The Everyday Worst Case Scenario Handbook
Anyway, I was given the Piven and Borgenicht book to base my design on and have it here in my hand right now. With this guide, anyone can learn how to escape from quicksand, break into a car and hot-wire it, fend off a shark, wrestle an alligator, take a punch, jump from a building into a Dumpster, leap from a moving car, perform a tracheotomy, deliver a baby in a taxicab, land a plane, survive if your parachute fails to open, etc., etc.
To give you one example, here’s how the authors say you should execute a fast 180 degree turn in your car:
“1. While in drive, or a forward gear, accelerate to a moderate rate of speed (anything faster than forty-five miles per hour risks flipping the car).
“2. Slip the car into neutral to prevent the front wheels from spinning.
“3. Take your foot off the gas and turn the wheel ninety degrees (a quarter turn) while pulling hard on the emergency brake.

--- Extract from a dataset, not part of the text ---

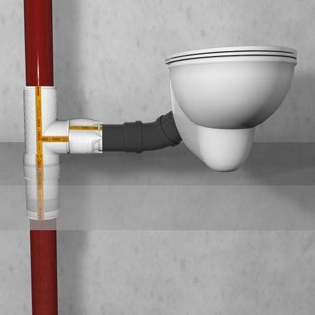 - Für Mischinstallationen von gusseisernen Abwasserleitungen und im Deckenbereich angeordneten Abzweigen mit seitlich angeschlossenen brennbaren Abwasserleitungen
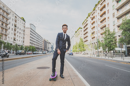 man, model, young, cute, photogenic, pretty, guy, male, asian, filipino, posing, attractive, fashion, look, deep, person, intense, expression, cool, lifestyle, style, people, modern, youth, stylish, casual attire, expressive, boy, portrait, street, urban, alone, blazer, jacket, attaching, skateboard, skate, skateboarding, skater, skateboarder, businessman, serious, pensive, thoughtful, standing

“4. As the rear swings around, return the wheel to its original position and put the car back into drive.
“5. Step on the gas to start moving in the direction from which you came.”
Easy, right?
This and the other skills listed in the book are valuable to be sure, but how often in our lives (if at all) will we ever need them? That’s why I think these same two authors should write another book called The Everyday Worst Case Scenario Handbook that covers situations you and I are more likely to run into. For instance, I think we all would welcome advice in cases where you, say, get caught: in a bathroom stall without toilet paper; picking your nose in public; accidentally farting in an elevator; cheating on your spouse; napping on the job; locked outside of your house or apartment naked; mistaking a regular party for a costume party; asking a woman when her baby is due when she isn’t even pregnant; sneezing a messy sneeze with no Kleenex in sight; using your boss’s tie as a napkin while in a drunken stupor; ogling a woman with her jealous husband/boyfriend standing right next to you; or waking up in a jail cell paired with an amorous cellmate nicknamed “Foot Long.”
I have heard that the best thing you can do when caught napping on the job is to straighten up with your eyes still closed and solemnly say, “amen.” For the nose-picking, I suppose the Seinfeld Defense, claiming it was a “rub,” not a “pick,” might be your best option. And for the fart in the elevator scenario, I have a quick story: one time I boarded an elevator just as the only occupant in it left. Upon entering, my sense of smell was immediately pummeled by the unmistakable odor of human-generated methane — obviously the last passenger experienced a profound and regrettable lapse in discretion. As luck would have it, I only traveled two floors up when the elevator stopped to pick up several more passengers. As I was the only one in the cab when they entered, what could I say? We all know the old “he who smelt it, dealt it” rule. A story of how, “yes, I acknowledge the poo poo smell, but it wasn’t me, honest,” would surely be damning. So I think, whether innocent or not, the only thing to be done in that situation is try not to blush.
How would you handle any of the predicaments listed above? Or do you have others you’d care to add?